| Population and Housing Estimates for State Responsibility Area and CDF Direct Protection Area |
The Fire and Resource Assessment Program (FRAP) of the California Department of Forestry and Fire Protection provides estimates of the number of people and housing units in State Responsibility Area (SRA) and in the California Department of Forestry and Fire Protection Direct Protection Area (CDF DPA). These numbers underestimate the actual number of people and housing units CDF protects because wildfires originating on CDF DPA have the potential to burn into adjacent, densely populated areas (Local Zone).
Data Sources
| click for population and housing estimates |
Population/housing: Population and housing estimates are based on the 1990 post-census Tiger/line files from the U.S. Department of Commerce, Bureau of the Census. These data quantify population and housing by census block.
Census blocks vary in area. Within urban areas, they can be
as small as a city block. At the other extreme, blocks can be thousands of acres in areas
that are largely unpopulated public lands. For example, the figure at right shows the
4,146 census blocks for Mendocino County. The blocks become quite small in cities like
Ukiah, but are very large in the portions of the county that are largely rural and
dominated by public landholdings.
Housing units in the census data include traditional forms of housing and also teepees, caves, and other less conventional dwellings. Census blocks can extend offshore or include lakes to account for houseboats. It is important not to confuse the notion of housing units as used by the Census Bureau with structures, a term that does not always connote human residence.

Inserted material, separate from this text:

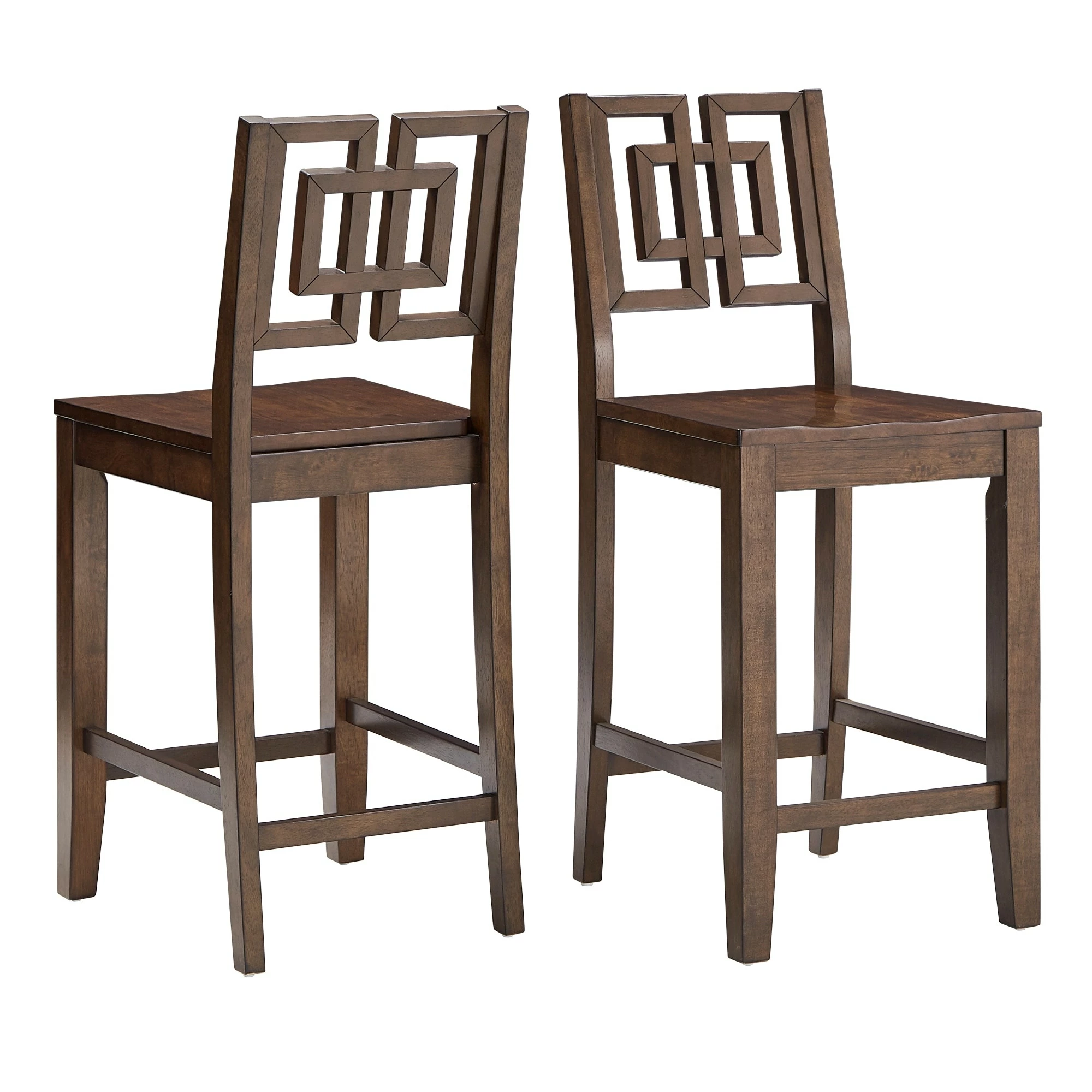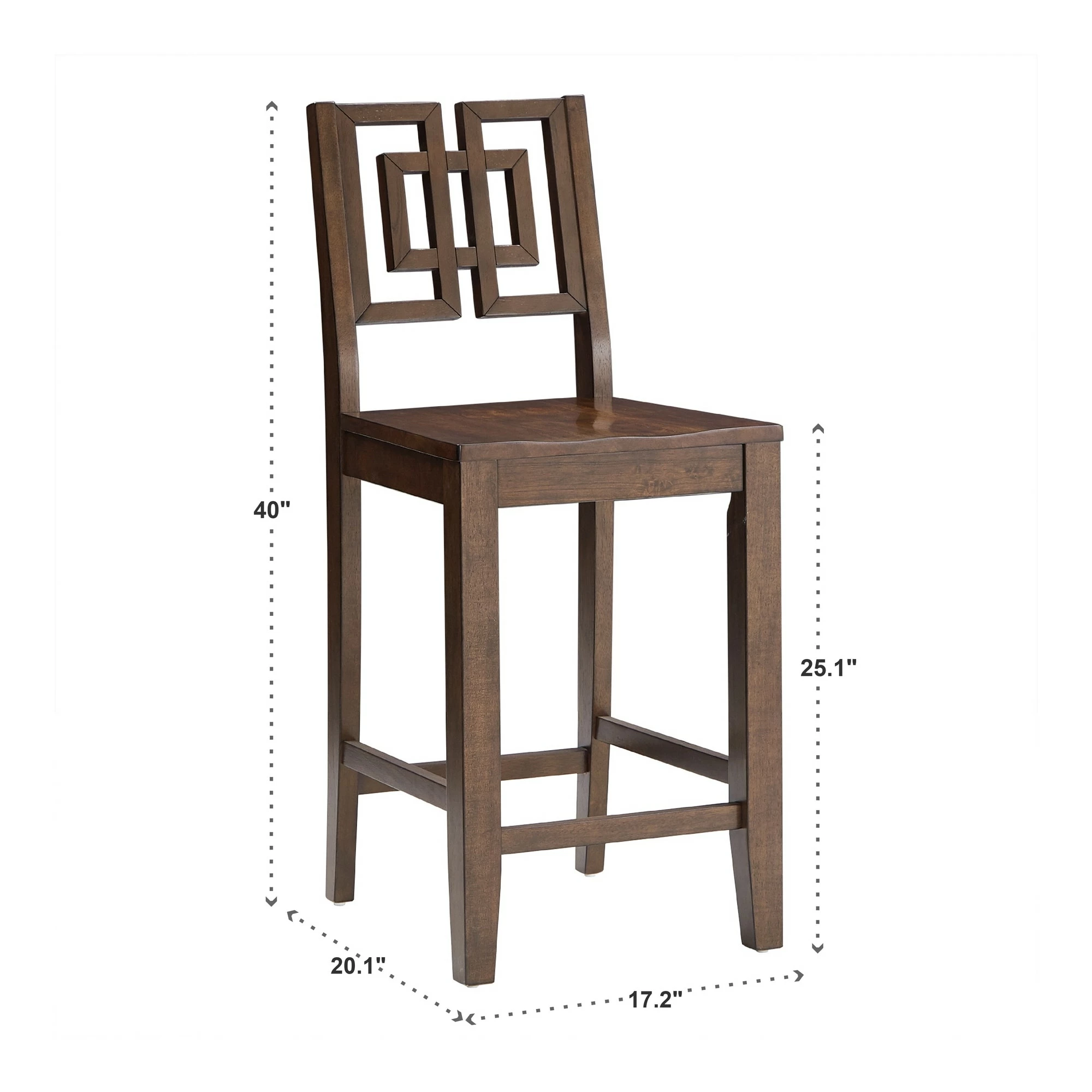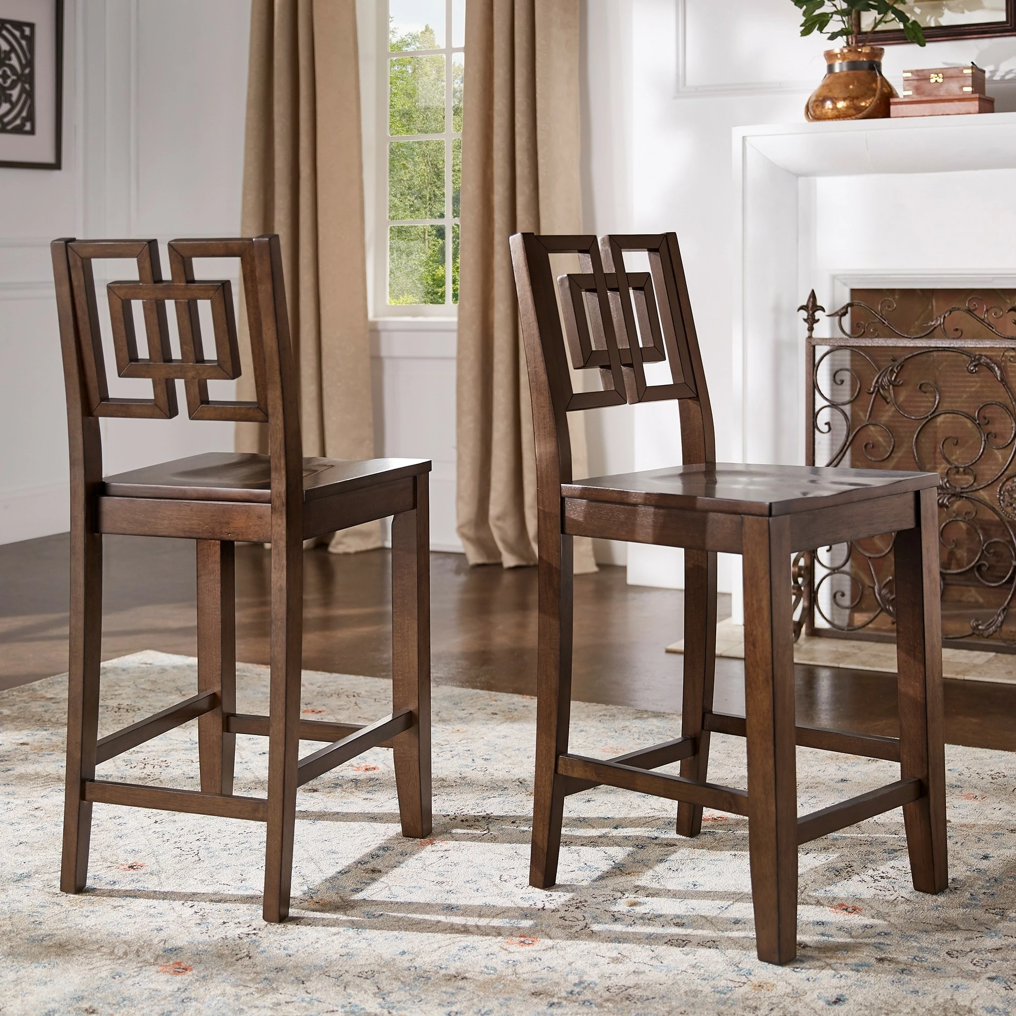 Showcase timeless style in your kitchen with the Kai Ornate Back Counter Height Chairs (Set of 2) by iNSPIRE Q Classic. Coming in a dark oak finish, these beautiful chairs feature a visible wood grain and an ornate-styled chair back perfect for any modern farmhouse. The sturdy wooden construction promises lasting strength while the contoured seat and built-in footrests ensures comfort as you dine.

Because the census data represent conditions in 1990, they do not portray post-1990 population changes. Nonetheless, the data provide a reliable source of spatially referenced population statistics, and are in common use by numerous public and private entities for a variety of purposes.
SRA/DPA: SRA consists of state and private lands (excluding areas of dense population and agricultural lands) for which the Board of Forestry has determined the state has financial responsibility to protect natural resources from wildfire (PRC 4125-4127). To consolidate areas of legal responsibility into larger blocks that can be more efficiently protected, CDF "swaps" portions of SRA protection responsibility with other agencies through the "balancing of protection" process. The resulting areas (CDF DPA) represent the land base for which CDF is the actual primary provider of fire protection services. Teale Data Center maintains digital spatial data for SRA and DPA on a continuous basis for the Department. For this exercise, FRAP used the July, 1995 version of the data.
Calculation Procedure
FRAP overlaid census block data with SRA and DPA data using a geographic information system (GIS) and apportioned the population in each census block to SRA and DPA lands.
For SRA, since a census block can include both public and private lands, the analysis assumes that only private (and Department of Defense) lands can be populated. For example, if a 100 acre census block has 5,000 people and it is 10% in private ownership, the 10 acres of private land are assumed to have all 5,000 people. If only 80% of this private land is actually SRA, the SRA population is assumed to be .8 x 5,000 = 4,000. The remaining 1,000 people are assumed to live within the remaining non-SRA private lands.
For DPA, if the DPA line splits the private lands in a census block, we apportion the population based on relative acreage. For example, if a census block has 5,000 people, and 60% of the private land is DPA, then the DPA population is 5,000 x .6 = 3,000. The remaining 2,000 people are assumed to live within non-DPA.